When the line with "где T – индекс" turns up below, begin repeating exactly, and carry on through the line with "Bold, modern, and"; no pictures go into the copy.
--- Records provided ---
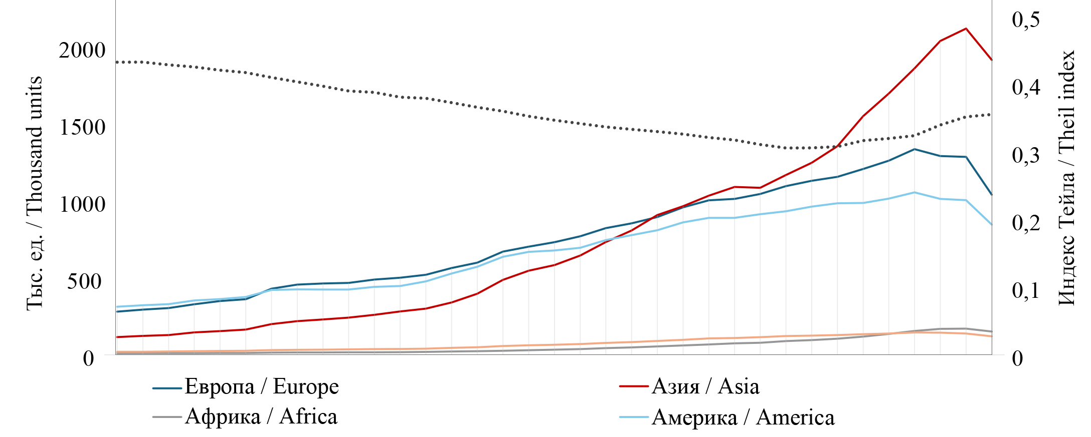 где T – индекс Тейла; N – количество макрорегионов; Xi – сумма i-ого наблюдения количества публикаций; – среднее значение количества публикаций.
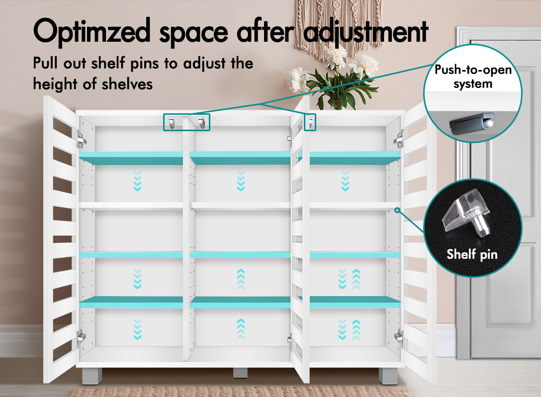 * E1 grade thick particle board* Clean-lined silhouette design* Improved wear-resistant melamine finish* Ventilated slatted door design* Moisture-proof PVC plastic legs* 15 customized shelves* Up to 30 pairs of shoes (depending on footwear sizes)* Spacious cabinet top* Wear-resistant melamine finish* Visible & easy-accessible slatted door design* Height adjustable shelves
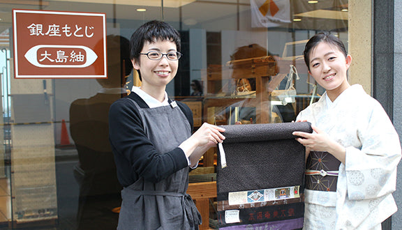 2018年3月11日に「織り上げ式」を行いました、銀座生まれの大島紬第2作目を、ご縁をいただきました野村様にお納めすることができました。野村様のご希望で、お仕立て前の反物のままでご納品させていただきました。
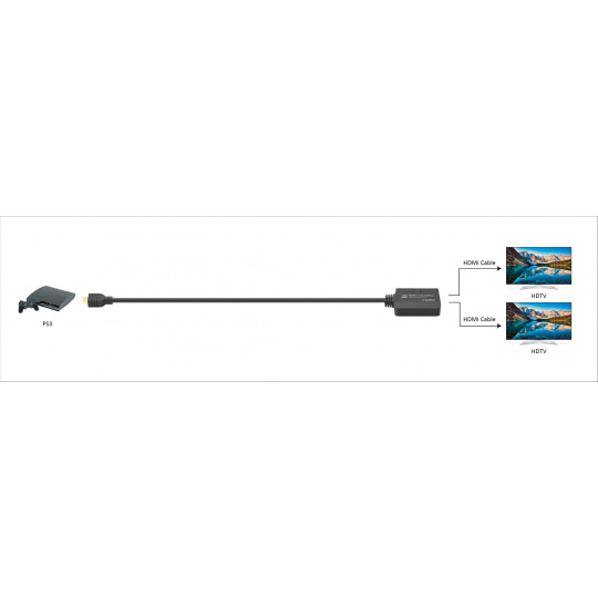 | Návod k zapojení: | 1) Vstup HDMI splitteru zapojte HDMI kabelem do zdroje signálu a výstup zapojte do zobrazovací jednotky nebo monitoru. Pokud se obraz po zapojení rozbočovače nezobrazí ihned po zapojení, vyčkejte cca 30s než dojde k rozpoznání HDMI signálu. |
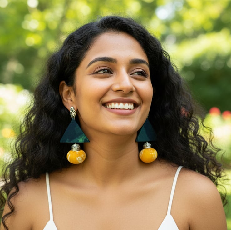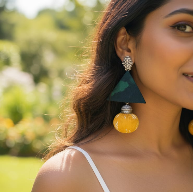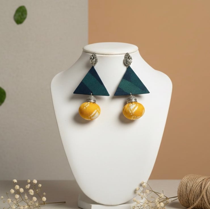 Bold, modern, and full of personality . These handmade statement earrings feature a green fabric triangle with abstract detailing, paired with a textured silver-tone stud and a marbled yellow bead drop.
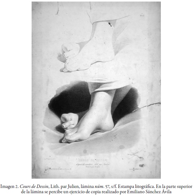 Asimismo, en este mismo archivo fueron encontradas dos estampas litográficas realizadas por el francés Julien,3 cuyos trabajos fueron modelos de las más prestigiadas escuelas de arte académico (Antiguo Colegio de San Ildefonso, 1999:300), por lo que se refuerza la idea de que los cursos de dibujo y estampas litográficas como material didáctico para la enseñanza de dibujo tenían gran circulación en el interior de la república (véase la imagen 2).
---
--- Records provided ---
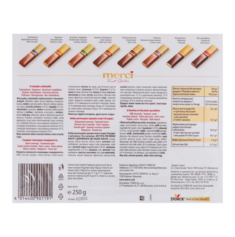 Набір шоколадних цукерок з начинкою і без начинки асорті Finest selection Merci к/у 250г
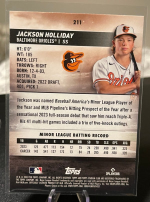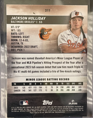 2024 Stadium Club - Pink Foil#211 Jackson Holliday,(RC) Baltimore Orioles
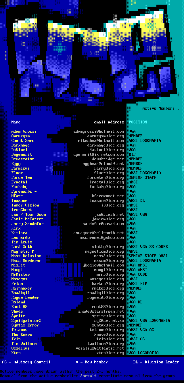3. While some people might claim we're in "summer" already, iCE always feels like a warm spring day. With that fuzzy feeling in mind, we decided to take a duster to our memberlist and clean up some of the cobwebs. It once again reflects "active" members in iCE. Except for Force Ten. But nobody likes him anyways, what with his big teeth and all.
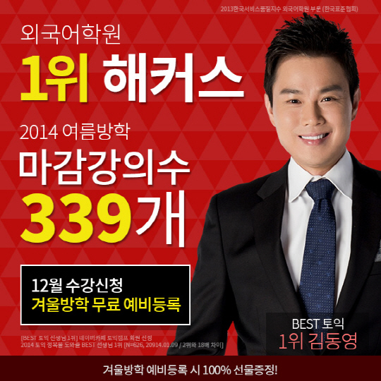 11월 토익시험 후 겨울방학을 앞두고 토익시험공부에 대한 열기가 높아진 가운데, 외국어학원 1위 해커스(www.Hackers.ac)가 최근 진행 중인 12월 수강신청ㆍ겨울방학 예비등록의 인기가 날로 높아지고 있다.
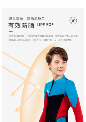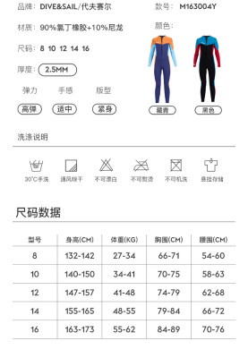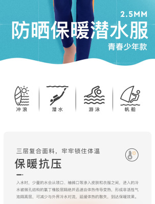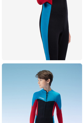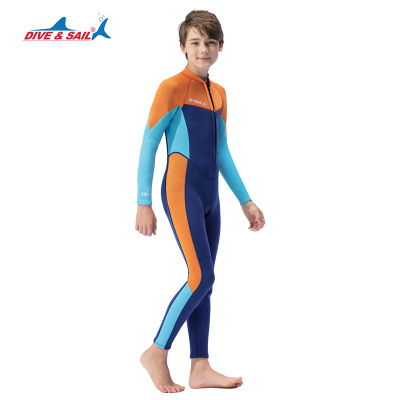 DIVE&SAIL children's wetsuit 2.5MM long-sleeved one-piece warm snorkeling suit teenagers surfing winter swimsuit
---
● **Answer below**:
 где T – индекс Тейла; N – количество макрорегионов; Xi – сумма i-ого наблюдения количества публикаций; – среднее значение количества публикаций.
 * E1 grade thick particle board* Clean-lined silhouette design* Improved wear-resistant melamine finish* Ventilated slatted door design* Moisture-proof PVC plastic legs* 15 customized shelves* Up to 30 pairs of shoes (depending on footwear sizes)* Spacious cabinet top* Wear-resistant melamine finish* Visible & easy-accessible slatted door design* Height adjustable shelves
 2018年3月11日に「織り上げ式」を行いました、銀座生まれの大島紬第2作目を、ご縁をいただきました野村様にお納めすることができました。野村様のご希望で、お仕立て前の反物のままでご納品させていただきました。
 | Návod k zapojení: | 1) Vstup HDMI splitteru zapojte HDMI kabelem do zdroje signálu a výstup zapojte do zobrazovací jednotky nebo monitoru. Pokud se obraz po zapojení rozbočovače nezobrazí ihned po zapojení, vyčkejte cca 30s než dojde k rozpoznání HDMI signálu. |
 Bold, modern, and full of personality . These handmade statement earrings feature a green fabric triangle with abstract detailing, paired with a textured silver-tone stud and a marbled yellow bead drop.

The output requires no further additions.